Nick Veenstra, research and development project manager at ETC, heads down a stairway along stacked shipping containers that have been transformed into offices at the Middleton lighting company, 3031 Pleasant View Road.

The LED research and development offices are built from former cargo containers at ETC, Electronic Theatre Controls, Middleton. 

The company headquarters of ETC, Electronic Theatre Controls, is at 3031 Pleasant View Road, Middleton.

In the past, they were used to cart merchandise across the ocean — perhaps clothing or other non-perishables.

Now, 40 corrugated steel shipping containers will see new life as offices for as many as 100 employees of ETC, Electronic Theatre Controls, in Middleton.

The upcycling project is part of a nearly 75,000-square-foot addition that will be built onto ETC’s headquarters at 3031 Pleasant View Road. It will make room for a total of 250 more employees at the theatrical lighting company that already has a staff of more than 1,000 worldwide, including 600 in Middleton and 250 in Mazomanie.

The $16 million addition will be the second expansion of ETC’s main building since it was built in 2004, with a showpiece lobby whose mesh walls are designed to look like a scene out of Midtown Manhattan in the 1930s, complete with a theater marquee, a reception desk like the diner counter in Edward Hopper’s painting “Nighthawks,” and the Empire State Building outlined as a backdrop.

The salvaged shipping containers will make up part of the new floor space, and will house ETC’s research and development department.

Each unit is 40 feet long, eight feet wide and nine-and-a-half feet tall, said Brad Crowley, president of 1848 Construction, the Middleton design-build firm in charge of the construction project.

“These containers are called one-trip containers. ... They travel the ocean one time, bringing goods and products here,” Crowley said. They are manufactured in Far East Asia, probably China, he said.

ETC has been experimenting with the cargo carriers for the past couple of years, first with one container and then adding four more onto its manufacturing floor.

The units have been gaining popularity across the U.S. They are used for tiny homes and more: Las Vegas has a container-built shopping center; Fort Worth, Texas, has a three-story office building underway; and in Columbus, Ohio, the shipping structures are being transformed into an apartment building.

Crowley said ETC’s containers — which will be visible to motorists along Airport Road through large glass windows on the north side of the addition — will make a mark on this area.

“We have no research on it but we think this is the largest container project in the state,” he said. “It’s pretty neat. ... It’s a fun project because it’s new and different.”

ETC’s former cargo carriers are scheduled to arrive in late June or early July. The entire addition is expected to be completed in spring 2018.

The city of Middleton has agreed to provide up to $3.6 million in tax incremental financing. Under the plan, as the addition is built and ETC pays higher property taxes, a portion of those taxes will be returned to the company, totaling up to $3.6 million.

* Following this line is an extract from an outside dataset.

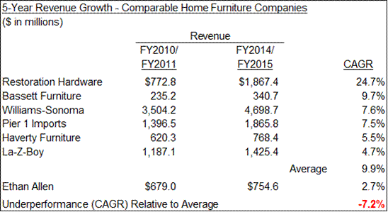 In our view, this stale and outdated way of thinking does not simply relate to the Company’s financial and real estate policies, but has negatively impacted Ethan Allen’s operational performance as measured by the key retailing metric of revenue growth. Notably, the Company’s sales have shown anemic growth over the last five years, while other competitors have witnessed greater sales growth and market share gains at the expense of retailers like Ethan Allen. Furthermore, Ethan Allen generates very little online revenue, currently estimated at between 2% to 5% of sales based on various analyst reports. While the “Ethan Allen” brand is truly iconic in its connotation of quality furniture, we believe this brand equity has been squandered by management as Ethan Allen has continued to struggle to generate sales in recent years.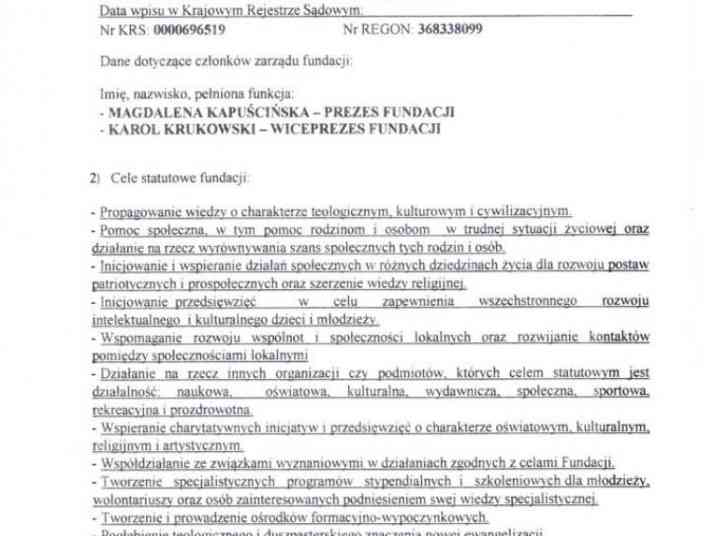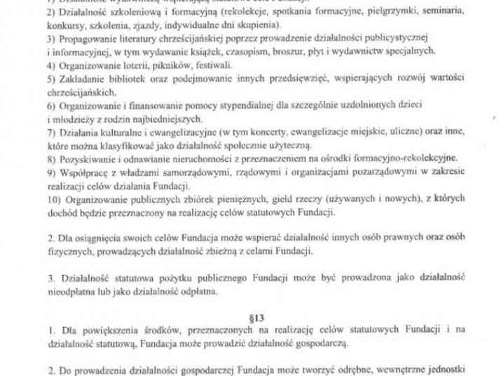 - Współdziałanie ze związkami wyznaniowymi w działaniach zgodnych z celami Fundacji.

ETC will have to keep an average of 625 full-time employees during that period.

ETC has facilities around the world and continues to grow. In April, ETC bought an Austin, Texas, lighting firm that specializes in live events. High End Systems has about 70 employees and had been owned by Barco, of Belgium.

Terms of the deal were not disclosed.

Founded in 1976, privately owned ETC has its lights and lighting equipment installed in venues worldwide, from Madison’s Overture Center to the Copenhagen Opera House to the Grand Mosque in Abu Dhabi.

The company had $270 million in revenue in 2016.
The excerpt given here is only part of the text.